Trivia for Cowboy Bebop: The Movie
Showing all 25 items
Jump to: Spoilers (1)
- The mysterious Rasheed is based on the Moroccan guide who accompanied the movie-staff while they were scouting locations.
- When Faye 'kills' the arcade game Lee Samson is playing, he becomes very upset that he didn't get to meet a character in the game. The name varies depending on the source of the translations and subtitles, but the character's name has been referred to as Spokey Dokey, Spooky Donkey and, in the Columbia Tristar distributed version, Sporky Donkey. Although the reason for the different translation is negligible, the Spokey Dokey translation is a reference to a song of the same name in the original series composed by Yoko Kanno, which is heard, amongst other times, at the beginning and end of the first episode, Asteroid Blues.
- In the opening credits, some fans believe the three US dubbing actors for Cowboy Bebop are shown in animation. The man in headphones singing the line "What's up" is said to be Beau Billingslea, the English voice of Jet Black; the woman in dark top drinking soda on the song line "sweet cakes" is apparently Wendee Lee, the English voice of Faye Valentine; on the line "anyway", the man in sunglasses taking a karate pose is reportedly Steve Blum, the English voice of Spike Spiegel. However, there does not seem to be any verification from the staff, and the film's animation was in fact completed before Bebop had gained much of a following outside of Japan.

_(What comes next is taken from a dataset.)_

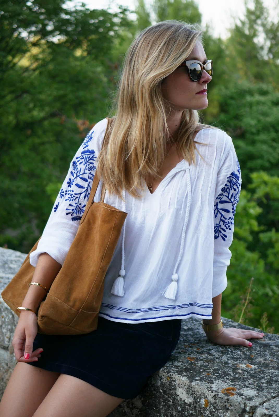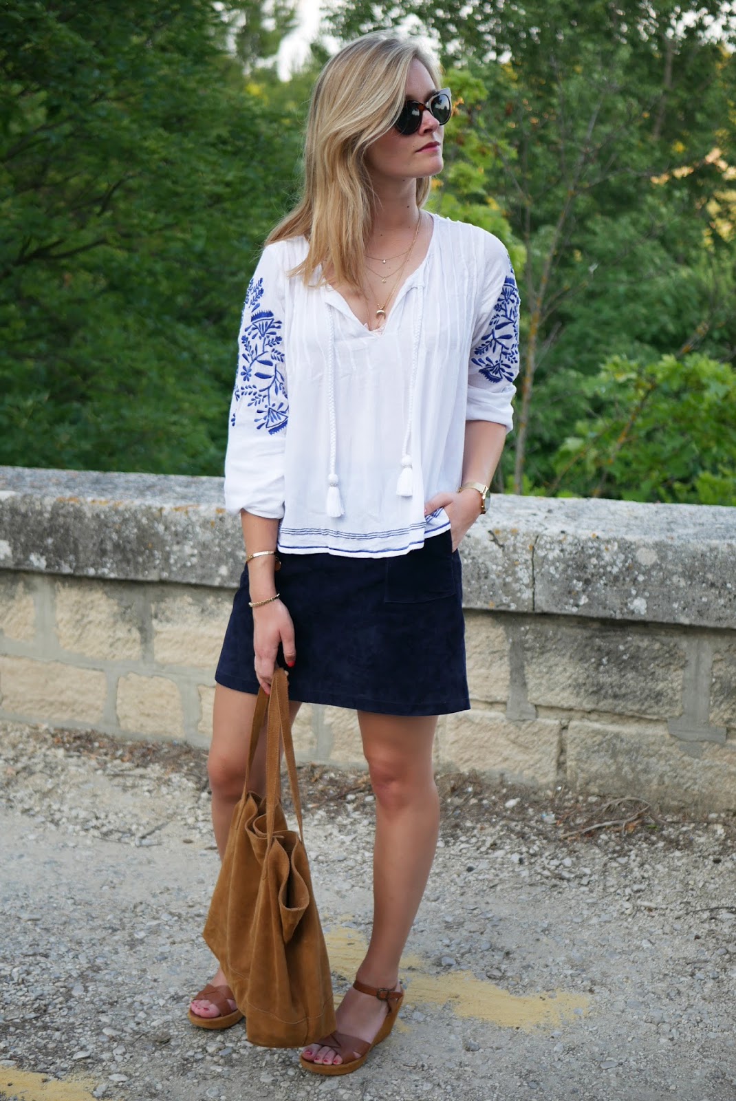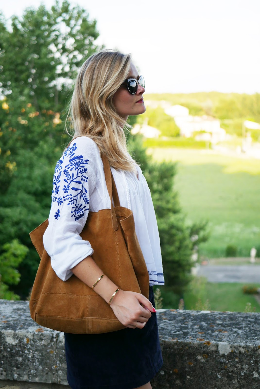 Pour le haut j’ai opté pour une blouse blanche avec des broderies bleues de chez Revolveclothing (vous pouvez la trouver ici ) que je trouve juste trop mignonne ! Elle est cependant assez courte donc si vous aimez porter que des hauts assez longs ça ne sera pas pour vous 🙂 J’ai moi même pas du tout l’habitude de porter des hauts courts comme celui-ci mais sur une jupe ça ne me gêne pas.

- The character, Vincent, is based on singer/song writer Bob Dylan who wrote the song that the title of this film is based.
- The look of Electra Ovilo is based on actress Gina Gershon.
- In the shots showing the T-shirt salesman, the T-shirt in the very lower left says "Bones", which is one of the production studios responsible for Cowboy Bebop: The Movie, and made up of former members of Sunrise, who created the show.
- Although having been involved in numerous dubs for Japanese games, Cowboy Bebop: Tengoku no tobira marks the first time voice actor Jennifer Hale has been involved in an anime dub. In a recent interview, she has stated that voicing Electra in the movie is one of her most favorite experiences.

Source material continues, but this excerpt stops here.